I think it’s an aura that surrounds these places. We wonder who walked these same steps, peered through these same windows, touched these same stones. What kind of world did they live in? When I’m in a place that has such an ancient history I try to imagine what life must have been like for those who lived there at the time. In a place with many years of history behind it you know that you are treading in the footsteps of many other people. It may have been common folk, it may have been kings and queens. One thing you know is that the world was a very different place when those statues were carved, those stones were mortared together and those gates were smelted. It“s one of the things I love about going to Europe. I haven’t been able to go too many other ancient places but I’d love to see Stonehenge, the Acropolis, Easter Island, the Lascaux caves and many other ancient places.
I have been to this monastery which is one of the oldest in Europe.
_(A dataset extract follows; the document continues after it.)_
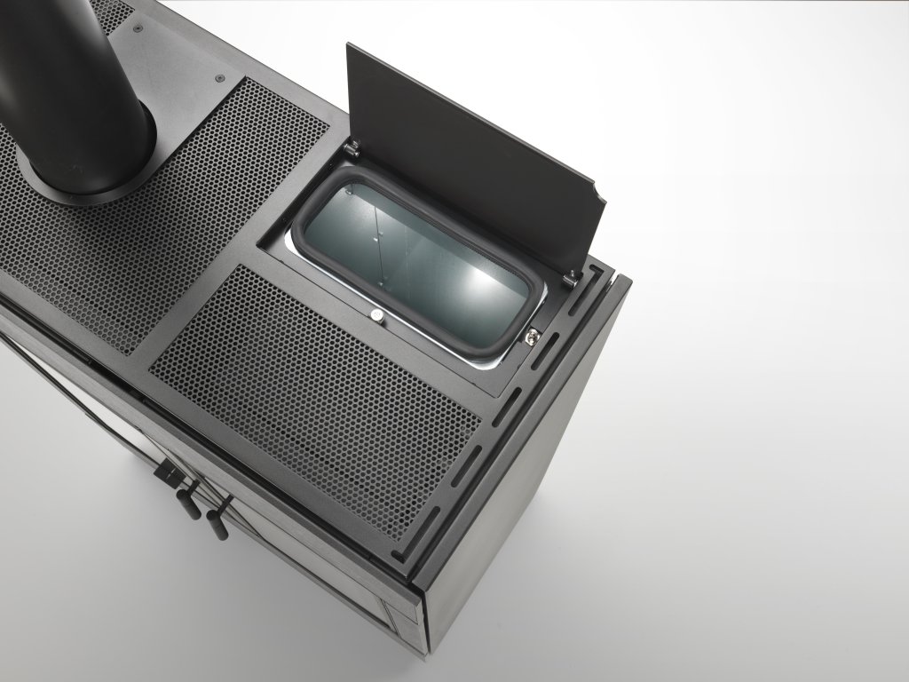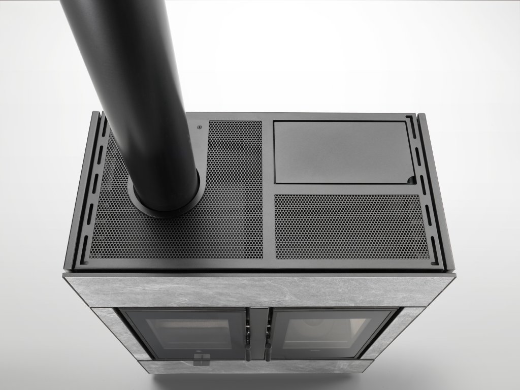 - Volitelný horní odvod spalin – flexibilní instalace - Díky možnosti připojit kouřovod shora získáte maximální volnost při instalaci kamen. Aura 80 se snadno přizpůsobí různým dispozicím místnosti a typům komínů, aniž by byla ohrožena účinnost či design. Praktické řešení pro pohodlnou a čistou instalaci.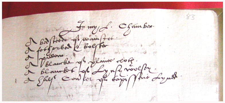 1561 inventory of Ankerwycke rooms, “In my L’s Chambre”

I remember peering into the hall where the monks used to take their meals. My host told me the story of how the monks weren’t supposed to eat meat during Lent so they hid it in pasta!
Here is the source I can give you to say that my host was not making it up!
“Maultaschen are rumored to have been invented by monks of the Maulbronn monastery to conceal the fact that they were eating meat during lent. The monks hid the meat inside of the Maultaschen, believing that God couldn’t see it that way. (This is reflected in the humorous alternative Swabian name Herrgottsbescheißerle (roughly: “little ones to cheat on the Lord”
I just love the sense that we are all connected some way in time. On this same trip we had homemade Maultaschen! It was soooo good!